There is one very important thing to keep in mind while watching the video: we do have an alternative to the financial system we have at the moment. In other words, finance can be fixed. Readers who have already absorbed the Fixing Finance article here will know this, or will at least be well aware of the argument. Finance can be challenging and even daunting for people to get their head around, so for those not really familiar with the money system it is probably much better to watch this video first.

The video does make the point that it is explaining how things are under the current system design, so just try to keep in mind that while we can’t escape the reality of our current situation explained so well in the presentation, there are certainly things we can do to change our future trajectory.

Please watch up until the highway sign that points to Doom and Gloom at the 47 minute mark and then continue reading below:

Before we can progress to explain how to fix the economic system, we need to make sure that readers are all on the same page in terms of what is wrong with it, and why we need to fix it. So in the next section we will simply list the main points made in the video, and use some quotes and brief explanations to support them.

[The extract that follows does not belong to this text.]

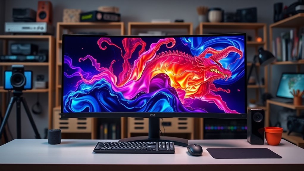 Absolutely, some models support hardware calibration for professional color grading—it’s like having a personal color scientist at your fingertips. I’ve found that monitors like the Eizo ColorEdge series and the BenQ SW series are premier, offering built-in calibration sensors and extensive color accuracy controls. These features guarantee your work remains consistently precise, making them ideal for serious content creators who demand perfection in every hue and shade.
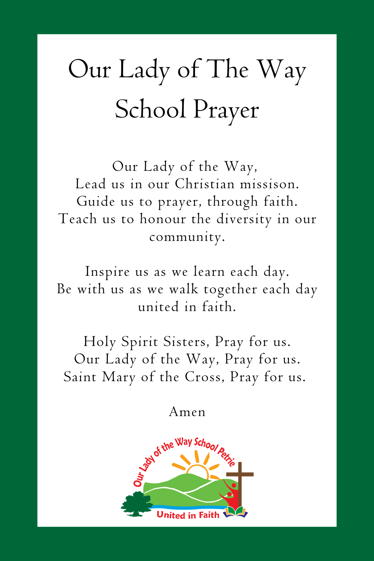 You are here:HomeThe OLW DifferenceSchool Prayer School Prayer © Brisbane Catholic Education, Our Lady of the Way School (2023)

If you understand and accept a point of the argument, you can nod or give it a mental tick mark, and simply ignore the details and move on to the next point. If you don’t understand a point, even after reading the detail and reviewing that section of the video, you can ask a question via a comment. If you don’t agree with a point, you can make a rational challenge, also via a comment.

These are the foundations on which the next part of the argument to come is based, so it is important to understand and accept them all:

The essential truth

Massive change is upon us.  Most of us are becoming more aware that something is quite wrong with the economic system as it stands, even if some cannot point their finger at the precise problems and the cause and effect at play. Taken together, the list of points here constitute a fairly complete grasp of our true situation. If you can understand all of these points, accept them all, and remember them all, then you will become one of the relatively few people on the planet who truly comprehends that we must make a choice between prosperity and collapse. You will agree that we must start a transition from a system based on the presumption of growth, to one based on prosperity and sustainability. You will know that the sooner we start that transition, the more prosperous our future can become.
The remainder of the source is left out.